Data records below:

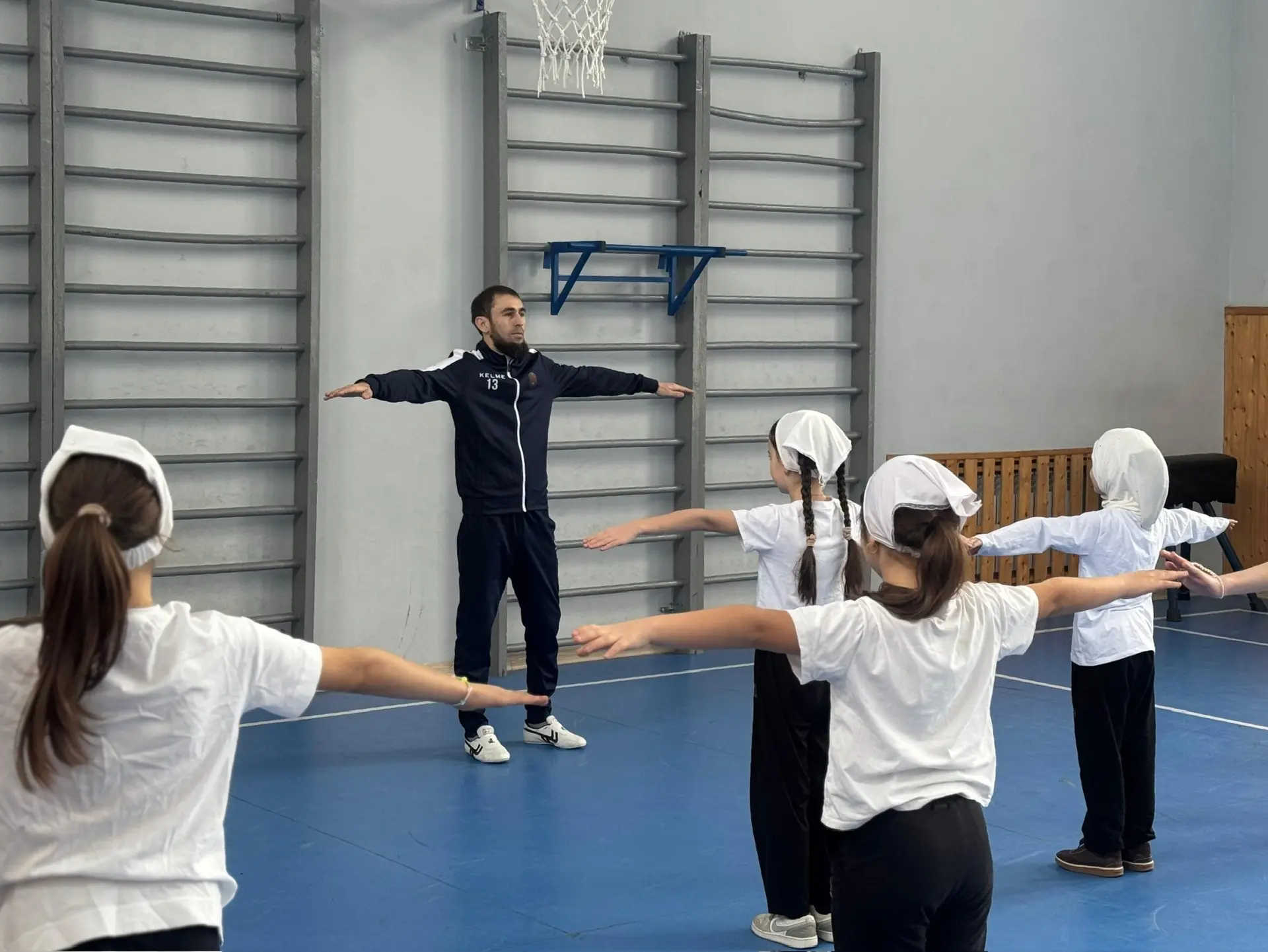 Под руководством чемпиона в школьном спортзале прошла энергичная и захватывающая разминка. Абдурахим Мовсарович показал ребятам не только базовые упражнения для поддержания отличной физической формы, но и элементы специальной разминки спортсменов-единоборцев.
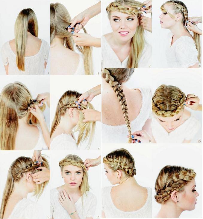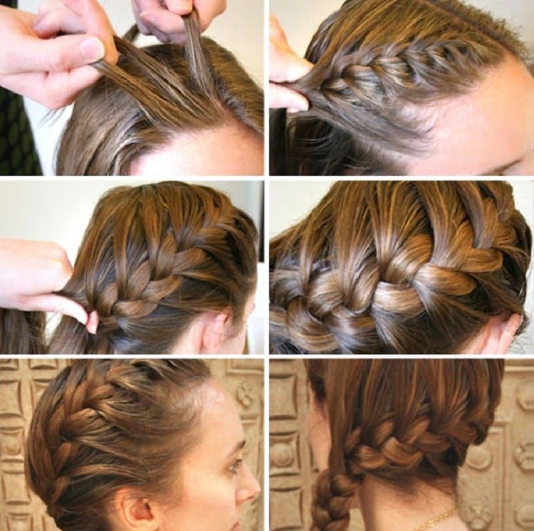 - Греческий ободок. Круговое плетение во французской технике, в результате которого получается «ободок» из волос.
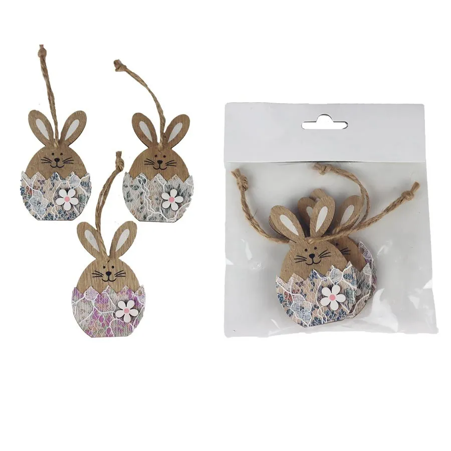 Set of decorative bunnies for hanging. The set contains 3 decorations. Dimensions: 5 x 0.4 cm, height 7.5 cm. Color: natural combination with white, pink, blue. Wood-based material, textile.
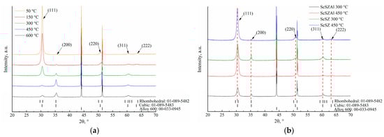 Therefore, the vapor phase of ScSZ and ScSZAl powders could consist of ZrO2, ZrO, O2, O, Sc2O3, Sc2O2, ScO, Sc, Al2O3, Al2O2, AlO, Al atoms, molecules, and molecule fragments. The atoms and molecule fragments landed on the surface of the substrate migrate and form grains. The grains with the densest planes are selected, e.g., (111) for face-centered cubic. However, surface diffusivity plays an important role in the formation of textured thin films. Adatoms deposited near grain boundaries have a higher probability of becoming incorporated at a low diffusivity surface in comparison to adatoms at high diffusivity planes having longer mean free paths with correspondingly higher probabilities of moving off the plane and becoming trapped on the adjacent grains [36]. Therefore, grains with low surface diffusivities grow faster. A similar growth mechanism was observed in the ScSZ and ScSZAl thin films. The thin films have a cubic structure (Figure 2a) and the positions of (111), (200), (220), (311), and (222) orientation peaks in the XRD patterns (measured at room temperature) confirm this (JCPSD No. 01-089-5483). The preferential orientation is (200) at low temperature (up to 450 °C) and preferential orientation is (111) at high temperatures because adatoms have high enough diffusion energy to move on the surface and become trapped on the high diffusivity surfaces. Moreover, the positions of the peaks of the ScSZAl thin films are shifted to higher angles by 0.2° in comparison to the positions of the peaks of the ScSZ thin films (Figure 2b) due to distortions in the crystal lattice. The ion of Al (~0.53 Å) is smaller than the ion of zirconium (0.84 Å).
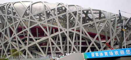 A general view shows the National Olympic Stadium, also known as the Bird's Nest, before the Good Luck Beijing China Athletics Open, an Olympic test event in Beijing May 22, 2008. [chinadaily.com.cn]
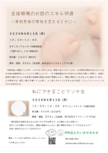 新型コロナウイルス感染防止のため、以下の研修およびランチ会の開催を中止いたします。再度開催する場合は改めてお知らせいたします。
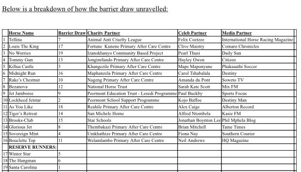 The final field of 16 horses for the Gr 2 R600 000 event was announced at the function and this was followed by a ceremony to determine the barrier draws for the race as well as the celebrity and charity that each runner will be representing.
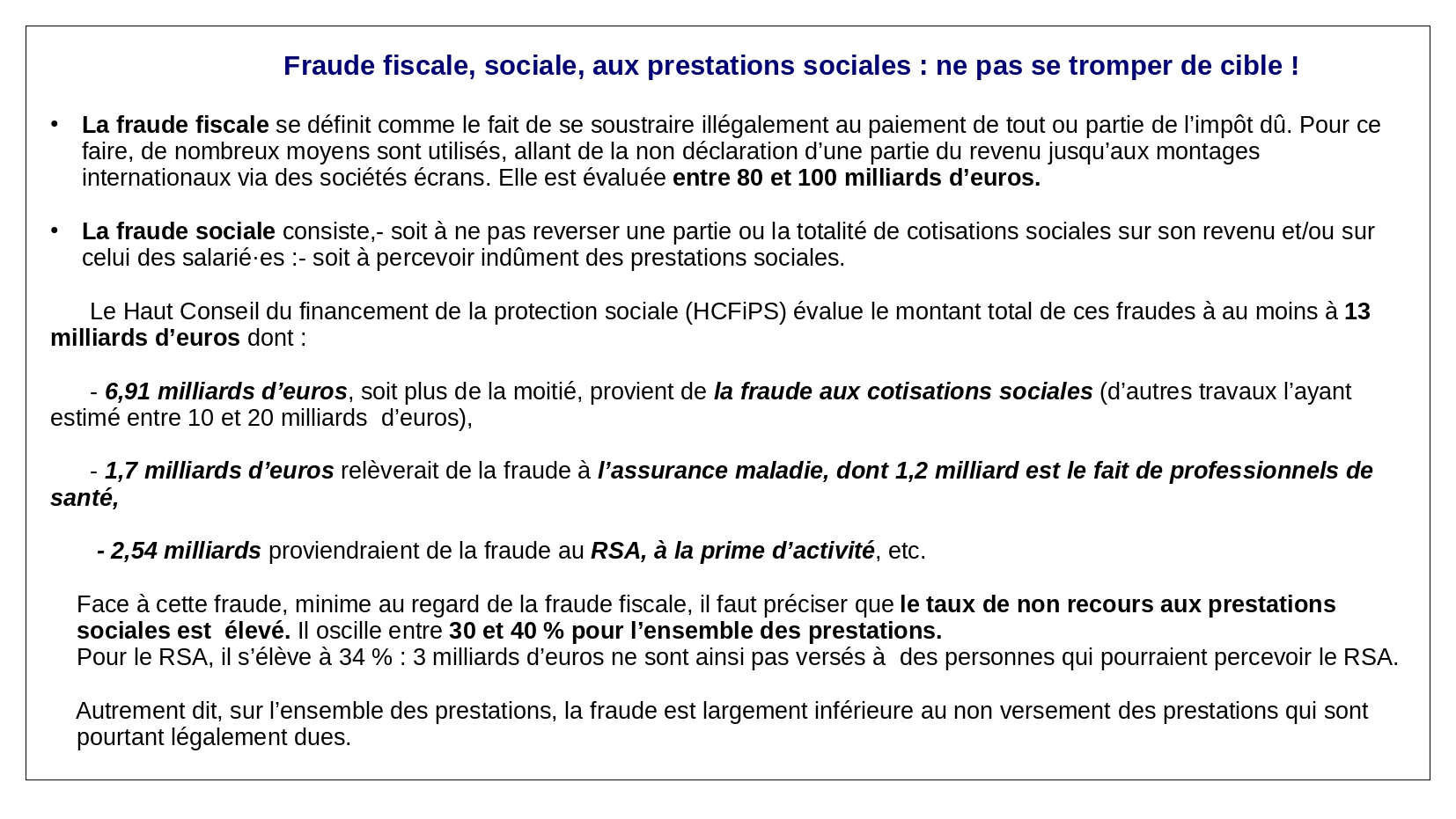 - [Rapport] Fraude fiscale, sociale, aux prestations sociales : Ne pas se tromper de cible
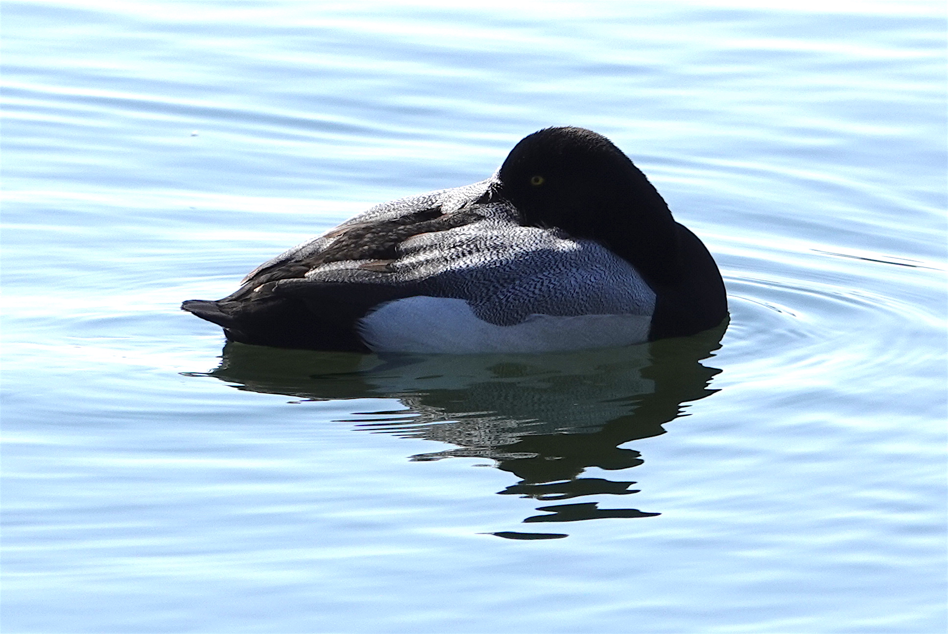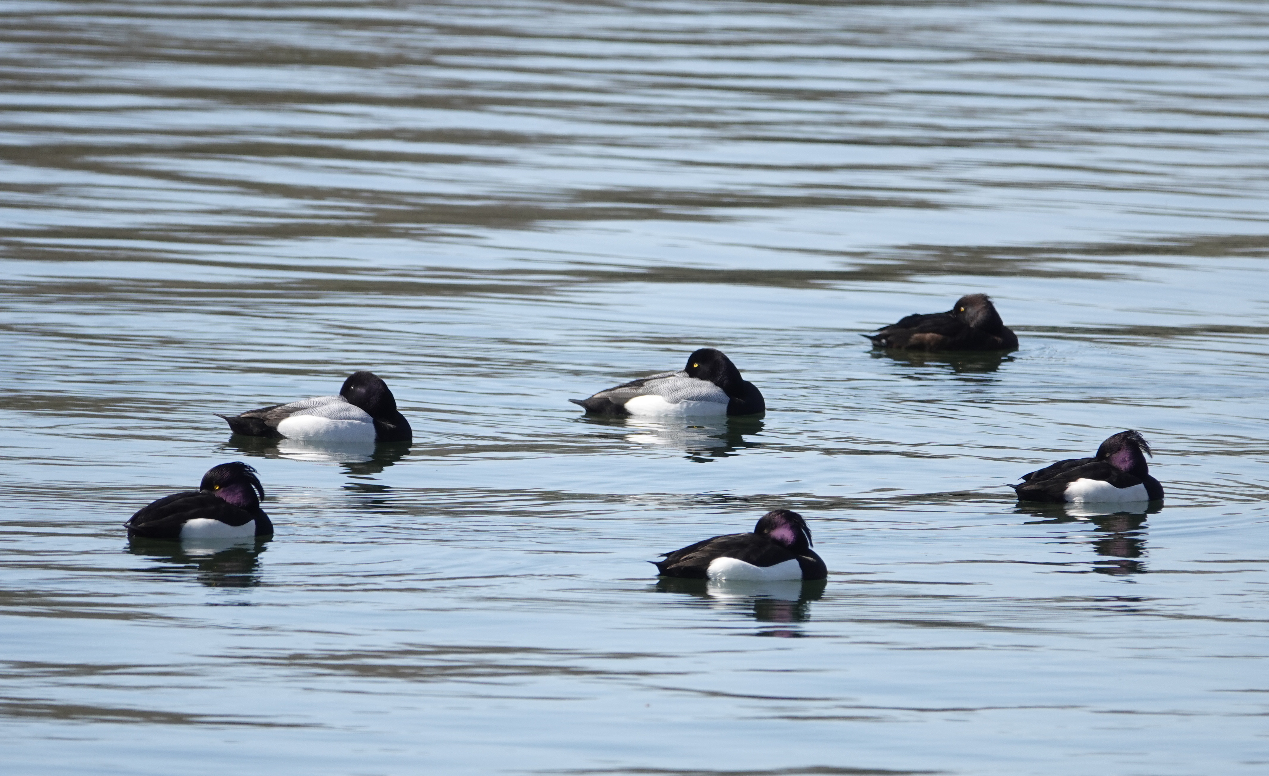 Highlight early afternoon was 2 adult drake Scaup with Tufties on east lake. Chiffchaff singing and 2 Blackcap heard in song, 2 Buzzards thermalling. Nice show of Primroses in E paddock.
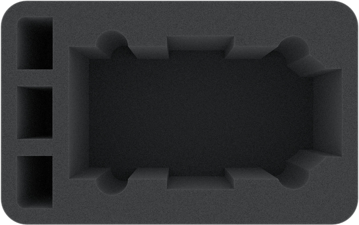 The large compartment is cut to fit a model of the A-A5 Speeder Truck including base. Thanks to the precise cut, the miniature remains securely in place during transport. The soft foam reliably protects the weapons and antennas from damage. Also the colors of the painted miniature are spared from scratches and abrasion.
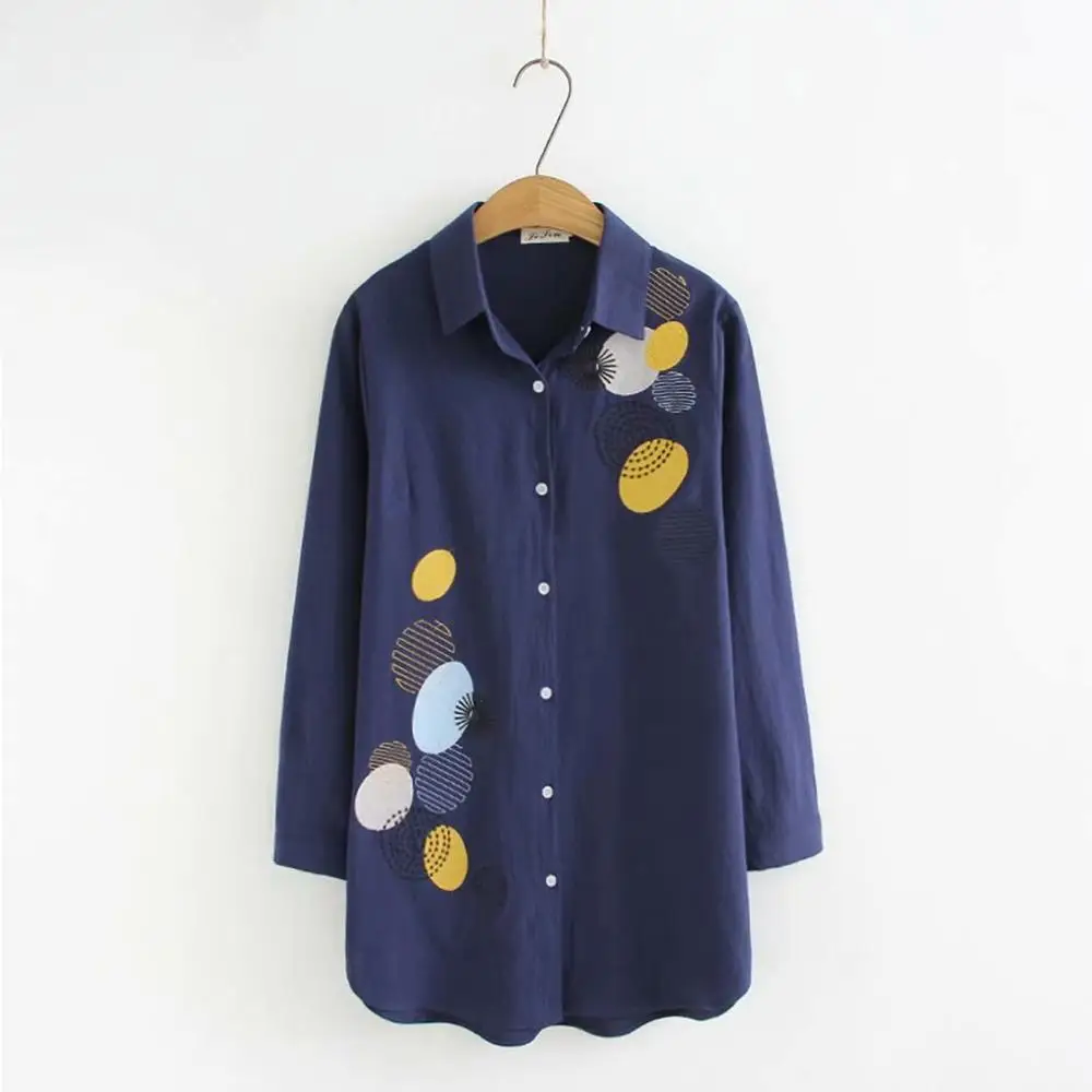 Большие размеры Вышивка кисточка женская блузка 2019 Весна Новые повседневные женские с v-образным вырезом хлопковые рубашки женские темно-с...
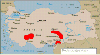 Основные районы, населённые племенем юрюки в Анатолии
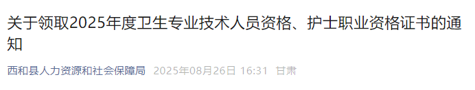 隴南西和縣關(guān)于領(lǐng)取2025年度藥學(xué)職稱資格證書的通知

End of Data records.

All that should appear in the answer is the lines above from the line with "The large compartment" through the line with "Основные районы, населённые", retyped exactly, pictures left out.

 The large compartment is cut to fit a model of the A-A5 Speeder Truck including base. Thanks to the precise cut, the miniature remains securely in place during transport. The soft foam reliably protects the weapons and antennas from damage. Also the colors of the painted miniature are spared from scratches and abrasion.
 Большие размеры Вышивка кисточка женская блузка 2019 Весна Новые повседневные женские с v-образным вырезом хлопковые рубашки женские темно-с...
 Основные районы, населённые племенем юрюки в Анатолии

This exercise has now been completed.